International

Coalition politics: The earth moves in Britain

By Chris Patten

LONDON - Volcanoes have consequences - and I'm not just thinking about the chaos caused to air travel by Iceland's unpronounceable last eruption (known to the Pentagon as E-15). In 1783, a volcano in Iceland spewed so much ash into the atmosphere that the entire northern hemisphere was cooled for almost three years. This resulted in crop failures and famine, and some historians argue that it helped to precipitate the French Revolution.

Should we blame the "British Revolution" of 2010 on E-15? This undoubtedly would be going too far.
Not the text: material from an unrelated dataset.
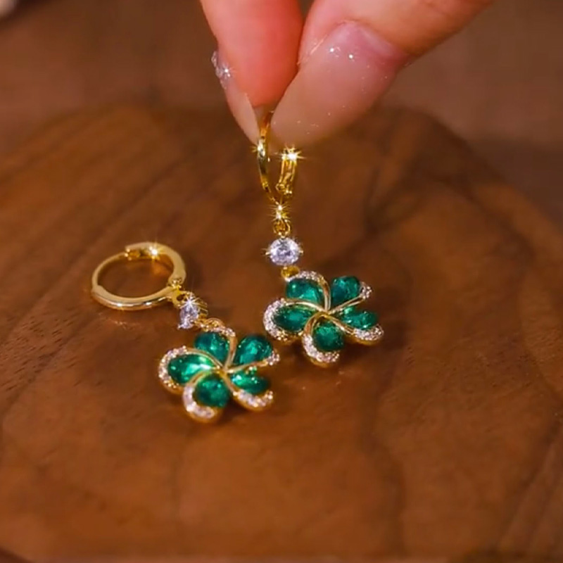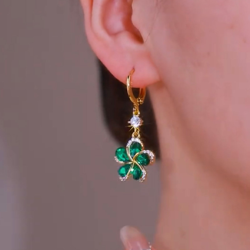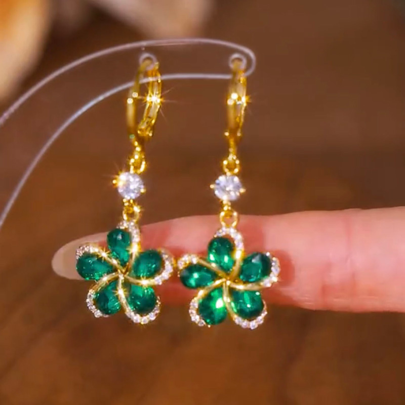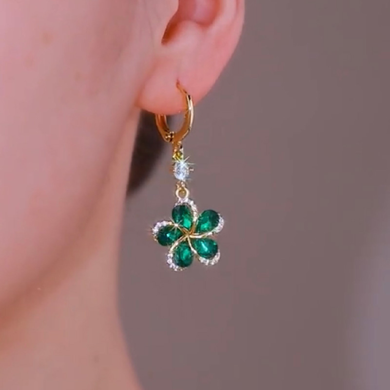 綠色花朵鋯石耳環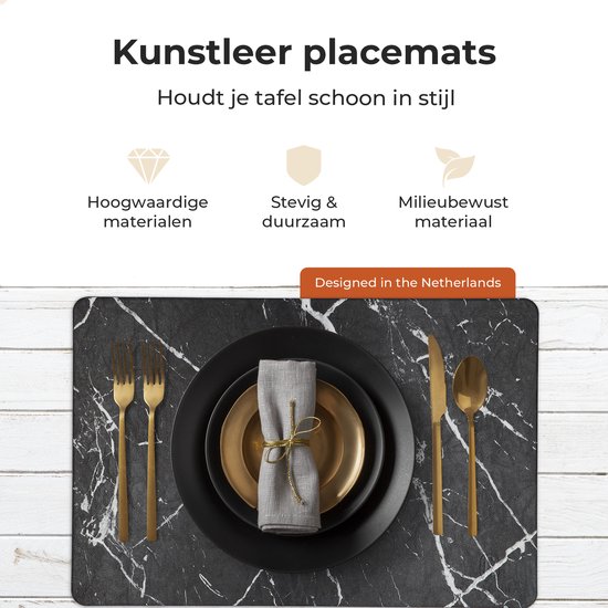Fabriqués en cuir artificiel de haute qualité, ils sont hydrofuges, de sorte que les liquides renversés n'ont aucune chance. De cette façon, votre table reste toujours soignée et impeccable. De plus, nos sets de table ont un fond antidérapant, afin qu'ils restent bien en place pendant les repas. Cela signifie moins de dégâts et plus de confort en mangeant.

But the agreement between the Conservatives and Liberal Democrats to form a coalition government does look revolutionary to many British voters. In London, governing arrangements that other countries take for granted look like a radically new type of politics.
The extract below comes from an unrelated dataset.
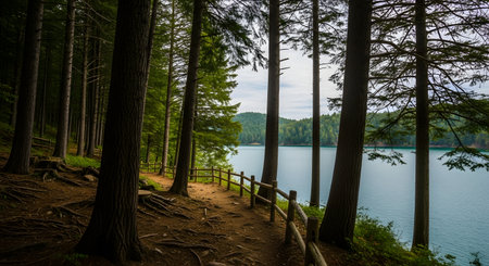 A winding dirt path through a dense forest leads to a calm lake, bordered by a wooden fence.

The election produced an inconclusive result, even though the Conservative Party received 7% more of the popular vote than the second-place Labour Party. The failure to equalize electorates in different constituencies counted heavily against the winners, as it takes more votes to send a Conservative MP to Westminster than it does a Labour MP.
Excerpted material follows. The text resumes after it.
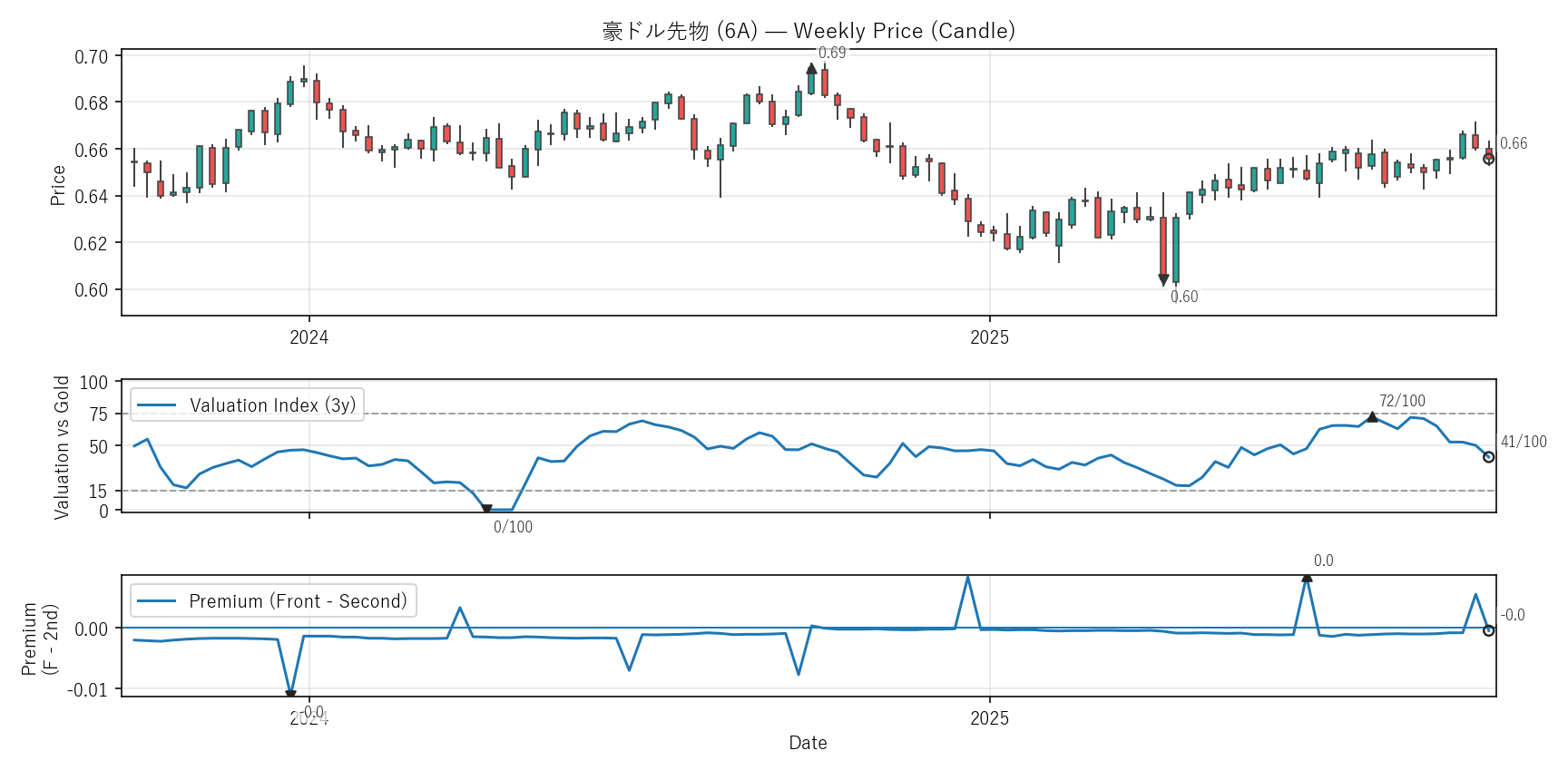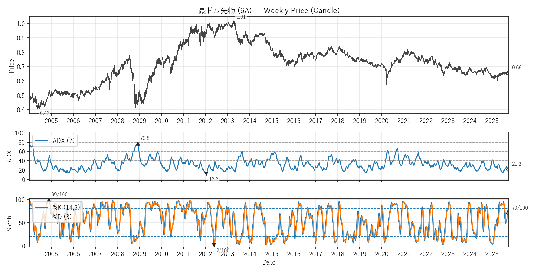 豪ドル/米ドルの先物。FX/CFD例: AUDUSD。資源・中国関連ニュースに反応しやすい。

Conservative Prime Minister, David Cameron (centre R), and Liberal Democrat Deputy Prime Minister, Nick Clegg (centre L), walk to Parliament for the ceremonial opening on May 25. AFP

But the coalition negotiated by David Cameron's Conservatives with the third-place Liberal Democrats (which should give the government a comfortable majority in Parliament) is not so novel as some people think.

In the last years of the nineteenth century and the first half of the twentieth, coalition governments were quite common in Britain. It is only in the years since the Second World War that one-party government has been the rule, though the country did have an informal pact between Labour and Liberals in the 1970s.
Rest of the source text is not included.